Evaluations of β-cell Function and Insulin Resistance: On day 14, blood samples were collected from the rats’ tail vein, after an 8-hr of fasting. The fasting blood glucose (FBG) and fasting insulin (FINS) levels were measured, using a locally available kit (Pars Azmun Co., Tehran, Iran), and Mercodia rat insulin ELISA kit (Sweden), respectively. The FBG and FINS were used to calculate the homeostasis assessment of beta cell function (HOMA-β) and insulin resistance (HOMA-IR). These measures provided both the insulin secretion and resistance, based on the following Equations (Equations 1-3):
1. HOMA-β=20×FINS/(FBG-3.5)
2. HOMA-IR=FBG (mmol/l)×FINS (mU/mL)/22.5
3. ISI=Ln [(FBG×FINS)-1] [21].

Statistical analyses: The statistical analyses were carried out, using Graphpad Prism software, version 8. The results were expressed as Mean±SEM per rat group (n=7). To compare the data in various groups, Tukey’s test was performed followed by one-way analysis of variance (ANOVA). The statistical significance between the pairs of data sets was set at P<0.05.

Results 

OGTT on day 1: The results showed that on day one, the blood glucose levels of D, DM, DB, and DMB groups at 0, 30, 60, and 120 minutes post feeding were considerably greater than that in the normal control group (P<0.001, Figure 1).

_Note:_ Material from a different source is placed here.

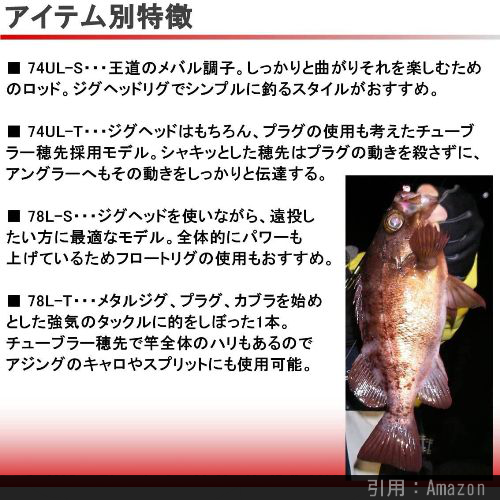 軽量ルアーを飛ばすことに長けており、小メバルのバイトも手元にシッカリと伝えてくれる。アジングにも併用できるので、最初の1本におすすめ。 - L(ライト)

The findings indicated that type II diabetes had been induced in rats. No significant differences were observed after comparing the blood glucose levels in DM, DB, DMB, and D groups (P>0.05, Figure 1).

OGTT on day 14: Except for the DMB group (P>0.05), significant differences were found among the D, DM and DB groups versus the N rats at zero minute (P<0.0001, P<0.05 & P<0.05, respectively, [Figure 2]).



The glucose levels in all of the intervention groups were dramatically lower than that of D group. The difference was more pronounced in DMB group than in DM and DB groups (P<0.001, P<0.01, & P<0.05, respectively, [Figure 2]). There were no significant differences among the treatment groups. 
At 30 minutes after treatment, there were noticeable differences among the diabetic groups compared to the normal group, however, the difference was less significant between the DMB and N groups (P<0.01). The differences among the treatment groups were not significant, although, the difference between DMB and D groups was greater (P<0.01) than those of DM and DB groups (P<0.05).
At 60 minutes post treatment, there were no significant differences among DB, DMB, and N groups. The differences among the DM, DB, DMB and diabetic control groups were statistically significant at P<0.05, P<0.01 and P<0.01, respectively. No significant differences were noted among the treatment groups. 
At 120 minutes post treatment, no significant differences were observed among the treatment groups versus the normal controls. Also, significant differences were found among all treatment groups versus the diabetic controls. However, this was more pronounced between the DMB and D groups (P<0.01). Lastly, no statistically significant differences were observed among the treatment groups. 

FBG levels on day 14: The FBG levels in all diabetic rats were significantly greater than that in the N group, however, the difference was less significant between the DMB and N groups (P<0.05, Table 1). 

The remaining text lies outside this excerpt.